→ **RECORD EXTRACTS**:
• • • • •

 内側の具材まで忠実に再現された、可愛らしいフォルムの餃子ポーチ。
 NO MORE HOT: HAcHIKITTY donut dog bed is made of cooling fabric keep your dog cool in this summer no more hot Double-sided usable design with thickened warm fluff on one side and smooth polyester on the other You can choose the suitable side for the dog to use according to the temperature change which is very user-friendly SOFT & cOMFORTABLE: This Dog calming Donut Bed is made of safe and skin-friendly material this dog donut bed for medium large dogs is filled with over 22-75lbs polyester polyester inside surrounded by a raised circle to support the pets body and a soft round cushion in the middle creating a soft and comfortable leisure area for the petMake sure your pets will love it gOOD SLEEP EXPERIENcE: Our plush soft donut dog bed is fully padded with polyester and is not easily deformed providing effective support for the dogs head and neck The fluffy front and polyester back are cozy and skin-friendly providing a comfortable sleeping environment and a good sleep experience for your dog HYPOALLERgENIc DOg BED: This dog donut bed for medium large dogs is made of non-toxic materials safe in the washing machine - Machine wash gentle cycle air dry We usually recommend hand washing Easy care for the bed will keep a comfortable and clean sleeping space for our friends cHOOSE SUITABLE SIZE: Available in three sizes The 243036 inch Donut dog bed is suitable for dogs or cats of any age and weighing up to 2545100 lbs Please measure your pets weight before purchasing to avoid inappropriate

• • • • •

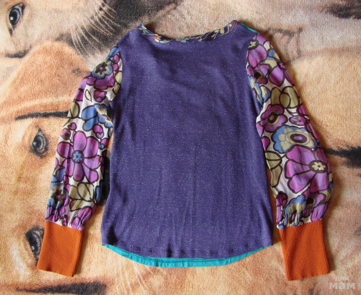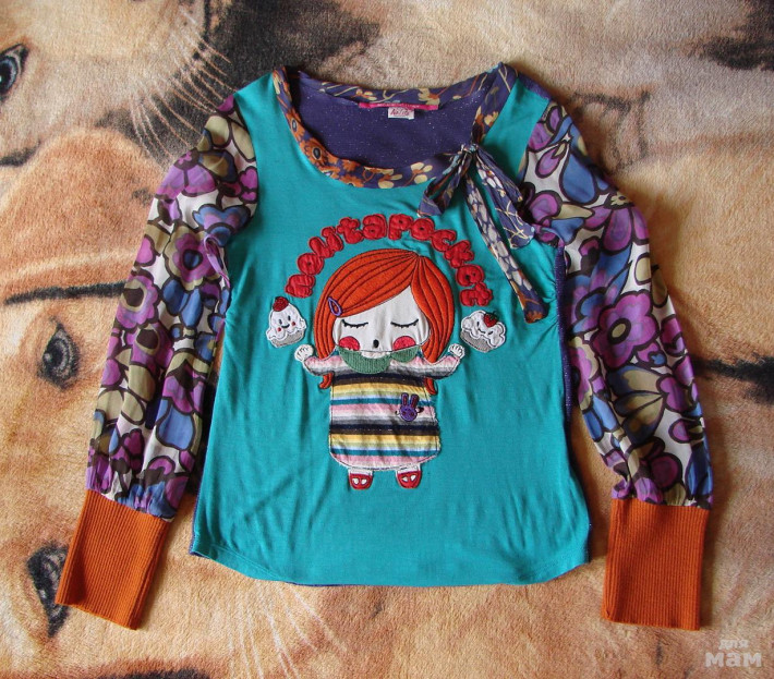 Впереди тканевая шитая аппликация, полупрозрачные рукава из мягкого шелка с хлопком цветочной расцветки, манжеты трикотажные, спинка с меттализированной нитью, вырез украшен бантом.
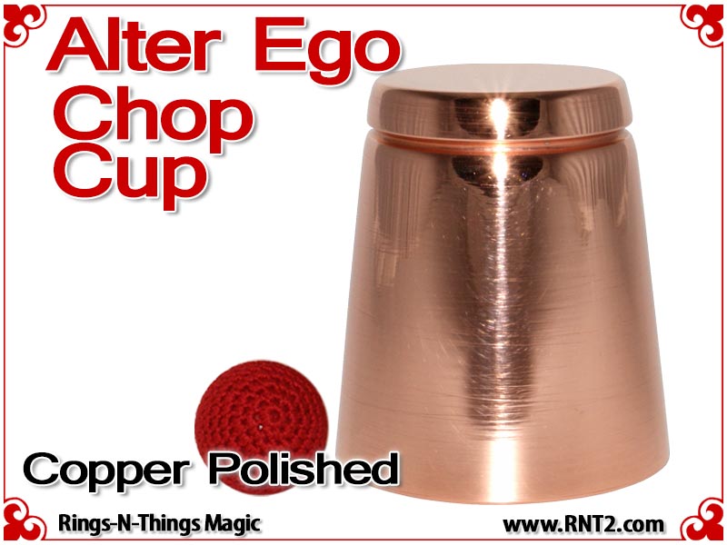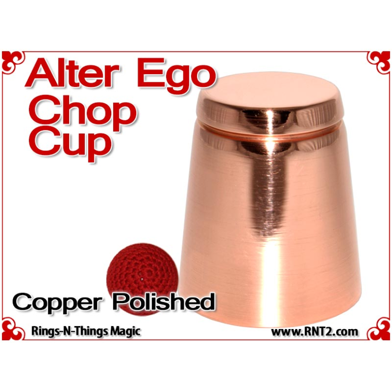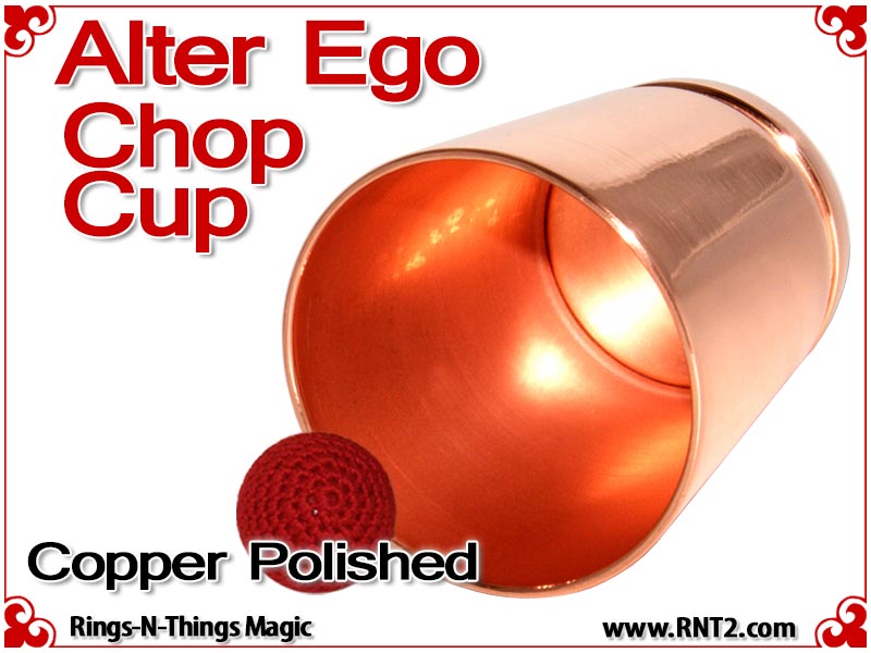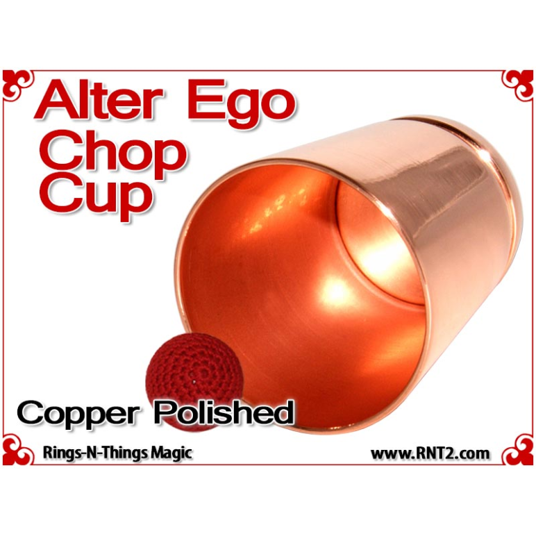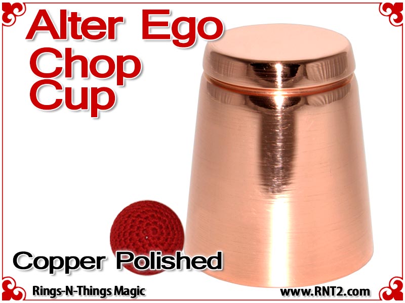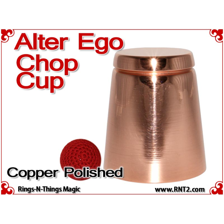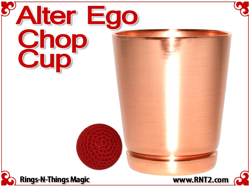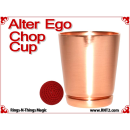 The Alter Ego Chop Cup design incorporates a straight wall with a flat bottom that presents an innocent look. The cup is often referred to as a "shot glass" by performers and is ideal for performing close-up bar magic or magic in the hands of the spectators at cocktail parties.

• • • • •

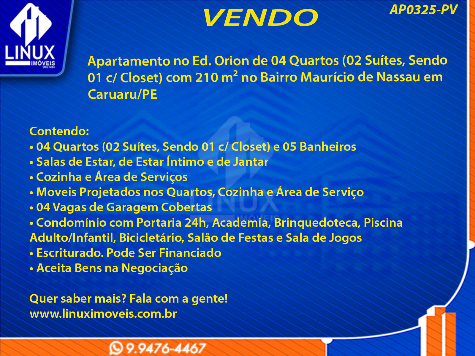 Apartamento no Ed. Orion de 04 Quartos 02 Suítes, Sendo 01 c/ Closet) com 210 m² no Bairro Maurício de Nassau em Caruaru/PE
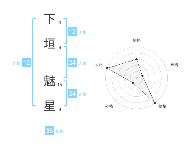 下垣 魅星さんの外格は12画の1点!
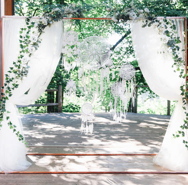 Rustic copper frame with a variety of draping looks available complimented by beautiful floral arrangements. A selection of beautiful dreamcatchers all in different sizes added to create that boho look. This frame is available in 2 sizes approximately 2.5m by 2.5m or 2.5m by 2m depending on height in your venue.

• • • • •

→ **TASK REQUIREMENTS**: Look through the material above. Transcribe exactly the lines between the ones with "Впереди тканевая шитая" and "The Alter Ego", inclusive, and keep pictures out.

→ **RESPONSE AREA**:
 Впереди тканевая шитая аппликация, полупрозрачные рукава из мягкого шелка с хлопком цветочной расцветки, манжеты трикотажные, спинка с меттализированной нитью, вырез украшен бантом.
 The Alter Ego Chop Cup design incorporates a straight wall with a flat bottom that presents an innocent look. The cup is often referred to as a "shot glass" by performers and is ideal for performing close-up bar magic or magic in the hands of the spectators at cocktail parties.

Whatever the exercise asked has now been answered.